First I create the repository DailyCheckIn on butbucket, then I clone the project to local directory dailycheckin. The directory is an empty directory except some mercurial information. After directory ready, I create RoR application via rails new command. Before doing the initialization commit, I should create a .hgignore file based on the .gitignore (Just add syntax: glob at the first line, remove the leader slash in the path, and rename .gitignore to .hgignore). After all things done, commit the new added file and push to the server, then we have a RoR application.

  1. Capify the RoR project

The project should be ‘capified’ before deplying via Captistrano, which can be done via command capify . easily. This command will create Capfile and config/deploy.rb file in current directory. The Capfile is the wrapper, and the tasks is written in file deploy.rb

  1. Configure the Capistrano

Here are the information should be checked before deploying:

* Application name
* Server information 
  * Application layer
  * Wer server
  * Database
* SCM information 
  * Repository location
  * SCM type
* Directory the project should be deployed to

Here is a sample configuration file for the project

    set :application, "DailyCheckIn"
set :repository,  
set :scm, :mercurial
server , :web, :app, :db, :primary => true
set :deploy_to, 
set :use_sudo, false

The detailed information of configuration can be found in [Capistrano document](https://github.com/capistrano/capistrano/wiki/2.x-From-The- Beginning).

  1. Deploy the application

Next step is deploy the application. The first step is setting up the server, Capistrano provide task cap deploy:setup to do this. This task will do a series of mkdir calls. Make sure the permission of directory.

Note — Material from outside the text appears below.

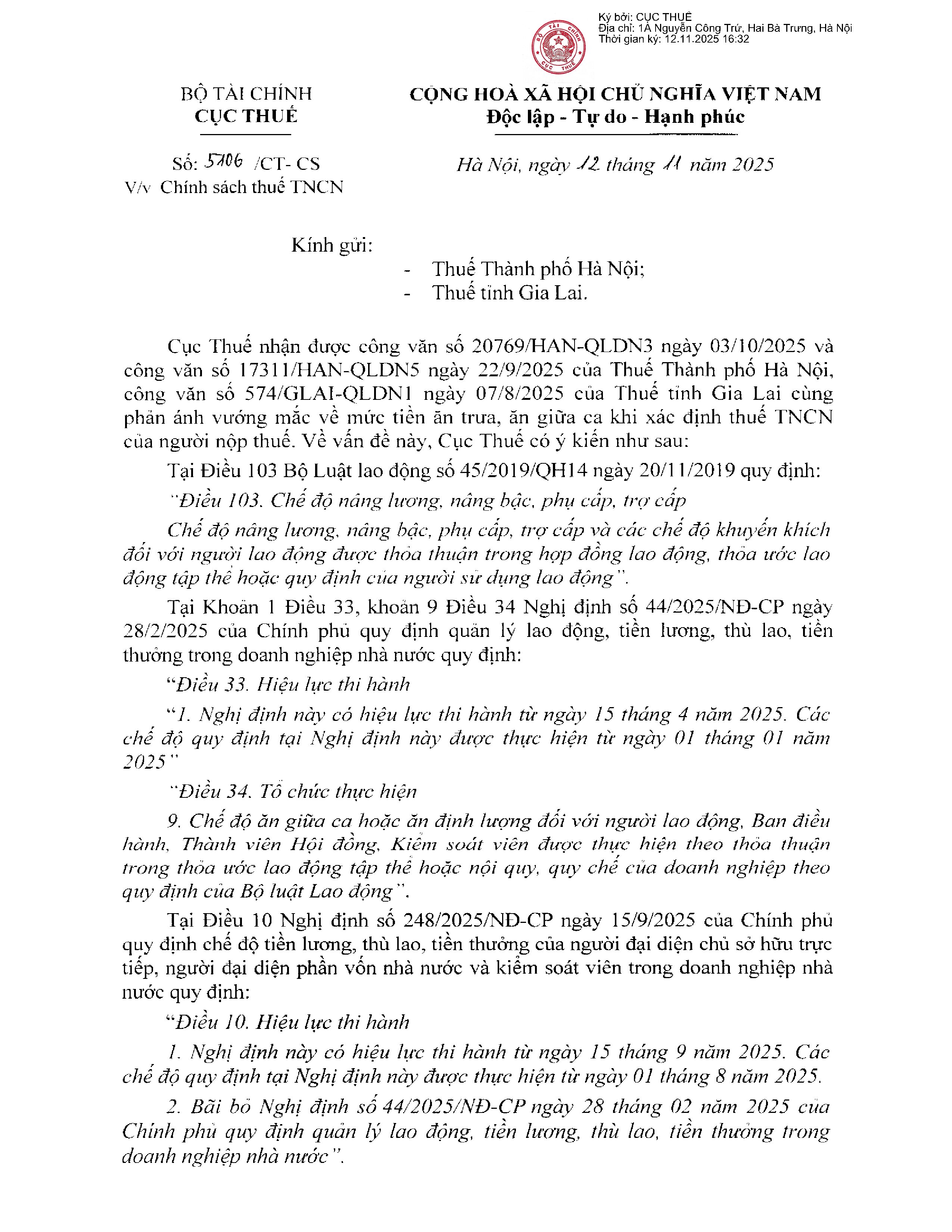 Đồng thời, tham khảo nội dung hướng dẫn tại Công văn 5106/CT-CS năm 2025 Cục Thuế đã có nội dung hướng dẫn về xác định thuế TNCN đối với tiền ăn giữa ca của người lao động.

After setting up completed, it is recommended to check the dependencies via cap deploy:check command. Re-run this command after any change to the environment to make sure all check passed.

The next step should be done manually, you should login to the server and make sure the database can meet the requirement configured in the config/database.yml file.

After environment ready, task deploy:update can be used to clone the code to server. The clone operation will create a new snapshot in the releases directory, and link it with symbol link current in top level of depoly directory. Then cap deploy:start can be used to start the services.